IEEE binary floating-point arithmetic standard learning

See there is a project on the Internet is required to use the floating point number in the binary representation, need to use the IEEE754 standard, check the Chaviki and in-depth understanding of the computer system, re-learn the floating point in the machine's representation and memory storage,

Take a simple note first, and you need a deeper understanding behind it.

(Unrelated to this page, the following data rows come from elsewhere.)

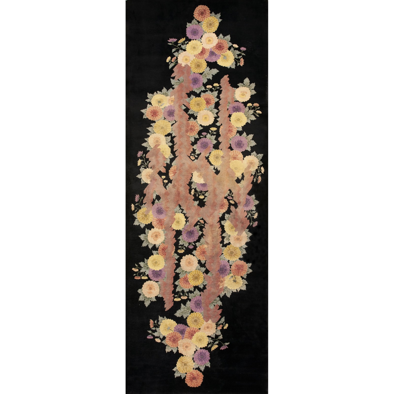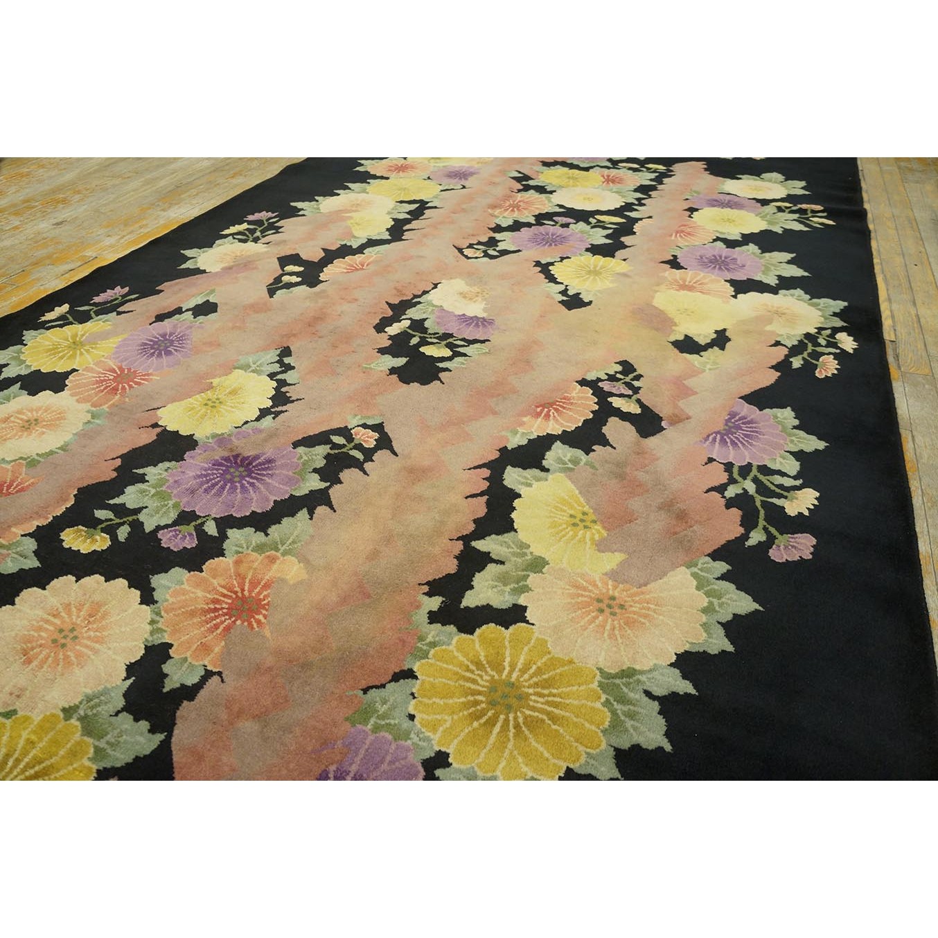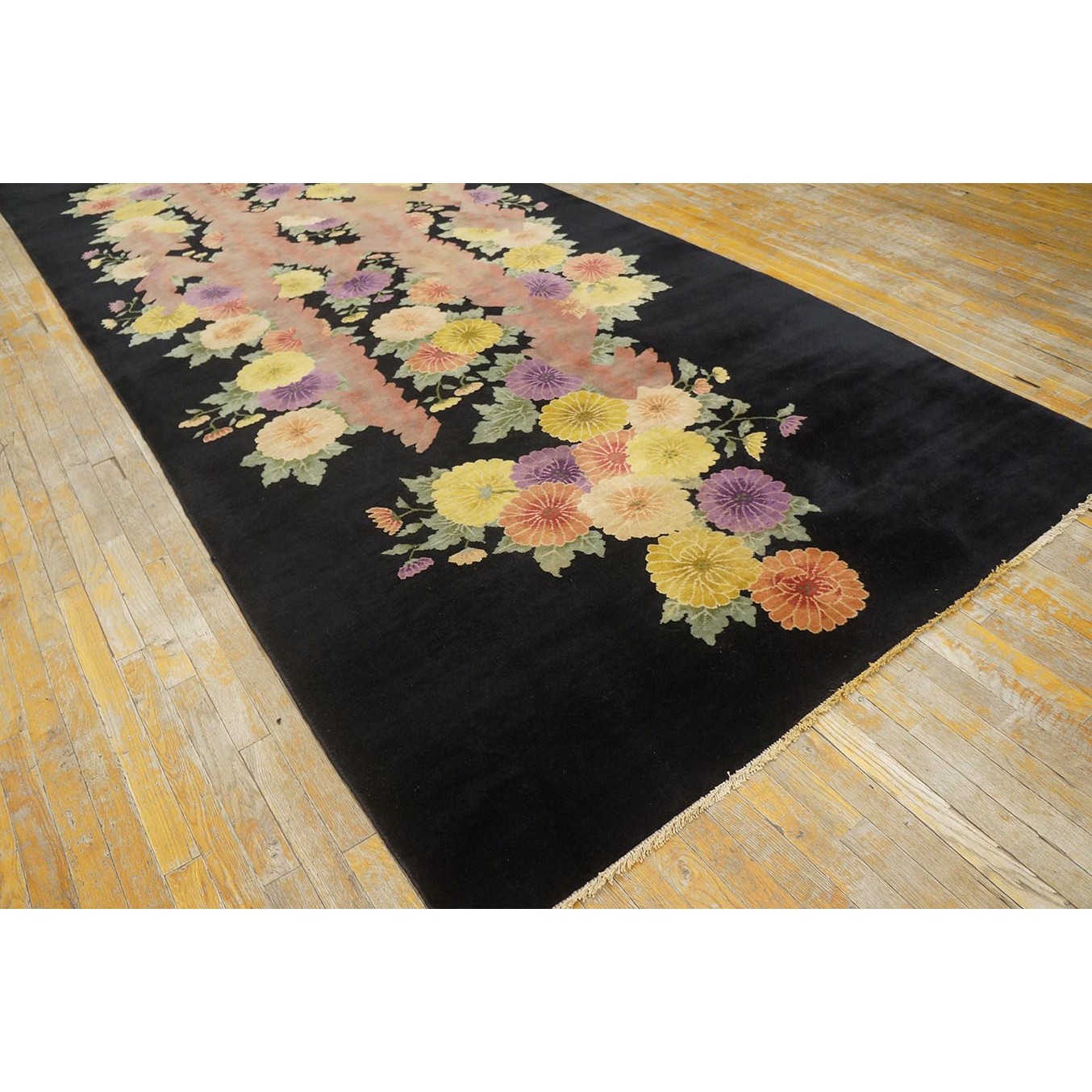 DescriptionChineseCarpets made in China proper. See entries Ningshia, Peking, Art Deco. Chinese - Art DecoAs the name implies, pieces woven between the wars for the Western market by mostly American owned firms especially Nichols and Fette, in thick heavy weaves using strong colors, asymmetric patterns and downplaying the Chinese-ness of the carpet. Nichols rugs are more strong toned than the pastel Fette. Most were woven in the coastal port city of Tientsin. Other lesser known workshops were also active. Some pieces are ultra-geometric and haute-Deco moderne in character: these are very rare. More frequent are pieces with bits of Chinese ornament: vases or other precious objects, paeonies, vines, fences, etc. Most common is the 9 x 12 size, in colors never found in mainstream Chinese rugs: backgrounds in black, mauve, purple, hot pink, orange, olive, employing the best synthetic chrome dyes of the period. Prices are still reasonable and carpets in top condition are available. | |
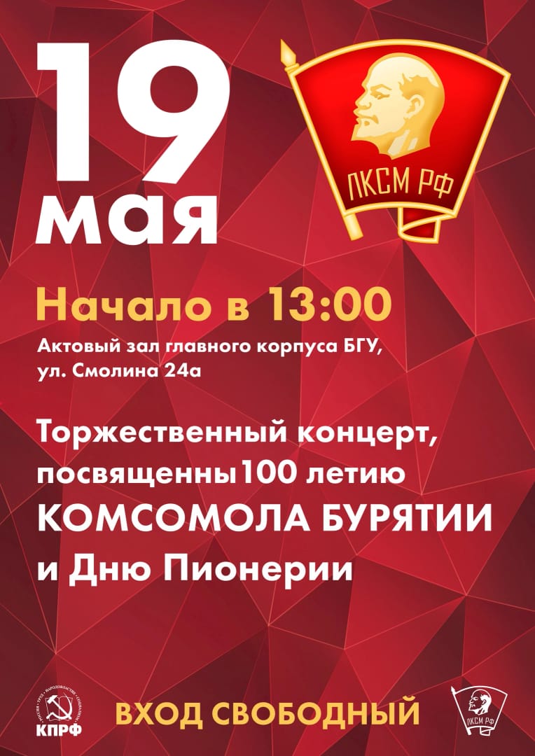 5 мая 1924 года в Верхнеудинске собрался I-й Всебурятский съезд РКСМ, на котором присутствовало 50 делегатов, представляющих 1069 членов и 201 кандидата в члены РКСМ. Съезд принял решение объединить комсомольские организации бывших Бурят-Монгольских областей в составе РСФСР, ДВР и Прибайкальской губернии в Бурят-Монгольскую областную организацию РКСМ. Этот день и принято считать днем рождения бурятского комсомола.
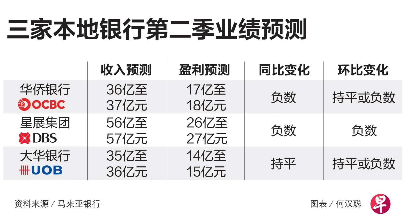 三家本地银行将在8月份发布今年第二季业务报告,华侨银行打头阵,在8月1日股市开市前发布,接着是星展集团和大华银行,同天在8月7日发布业绩。
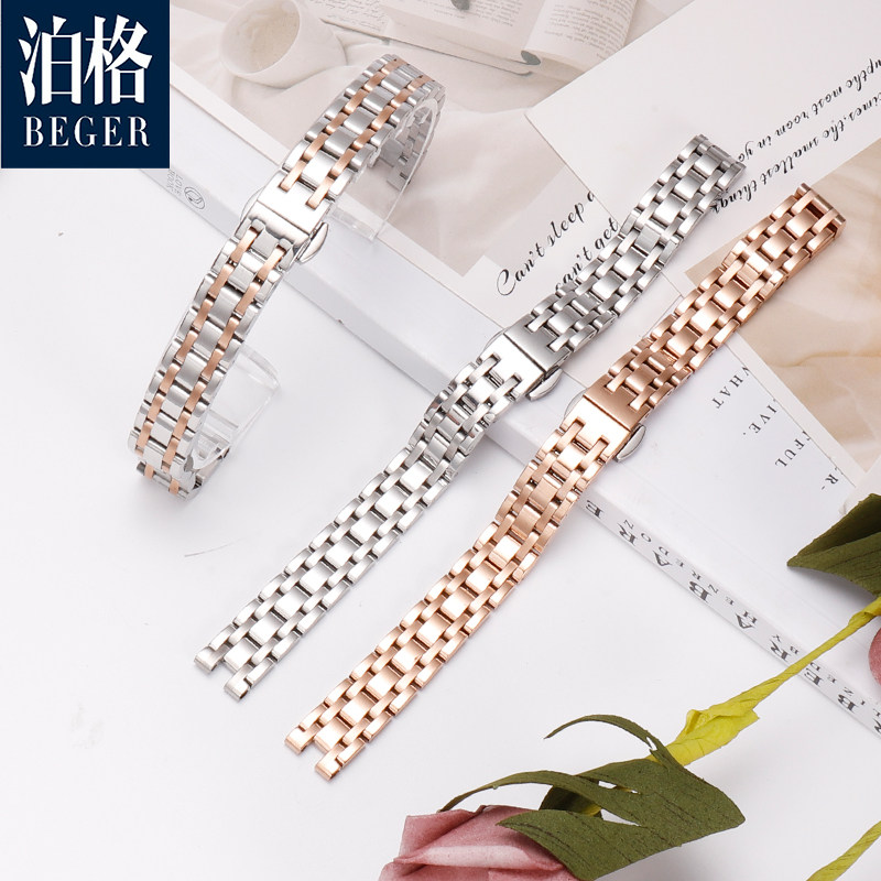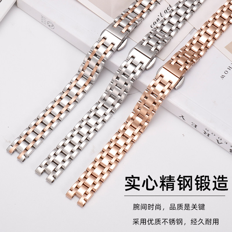 代用天梭T126嘉丽小美人1853表带T126010A实心精钢女表带链12mm
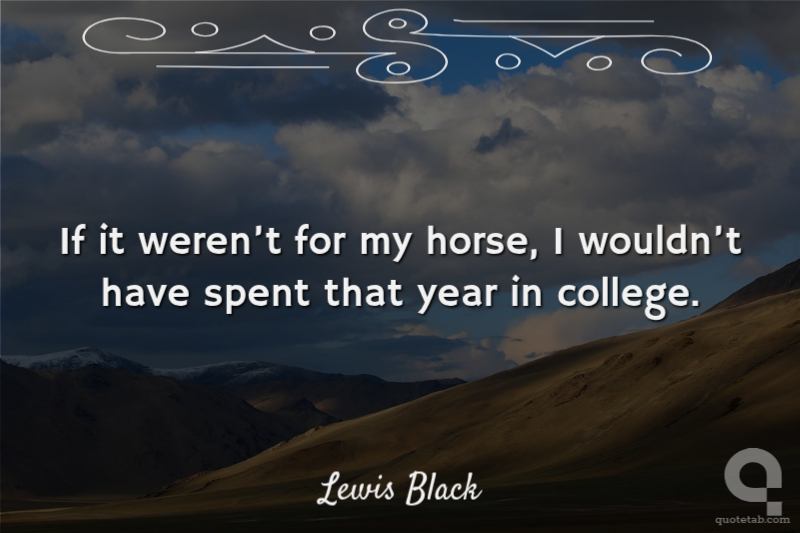 When from behind me, a young woman of 25 uttered the following, it was the dumbest thing I have ever heard in my life until Dan Quayle was elected Vice President of the United States. She said, if it weren't for my horse, I wouldn't have spent that year in college.
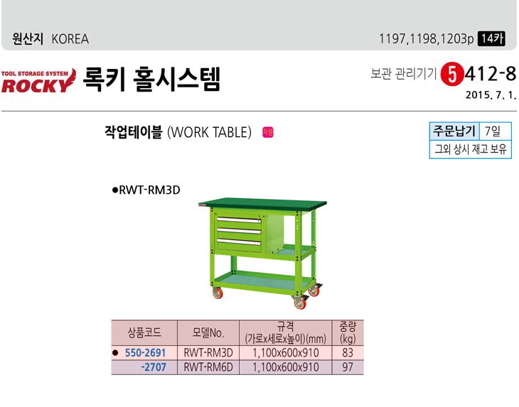 [·ÏŰ/ROCKY]ÀÛ¾÷´ë/ÀÛ¾÷Å×À̺í(RWT-RM3DB1P, À̵¿½Ä, 1100x600x1410mm)(Work Table)

IEEE754 defines four ways to represent floating-point numbers: Single-precision (32bit), double-precision (64bit), extended single-precision (more than 43bit), extended double-precision (79bit above), the latter is rarely used, here is the first two.

Using binary to represent floating-point number three parts, the following are 32bit single-precision For example, double-precision similar can be inferred:

The three parts are: sign bit, exponent (exponent), Mantissa (significand, store binary fractional part), below is the graph on wiki:

In single-precision floating-point numbers, sign is 1bit,exponent to 8bit,significand 23bit and three parts are 32bit.

There is one more important concept of "exponential offset", in IEEE754, the exponential field in the floating-point representation (exponent) is the actual value of the exponent plus a fixed value, the fixed value of the algorithm is 2e-1-1

128-1 = 127 in a single-precision floating-point number.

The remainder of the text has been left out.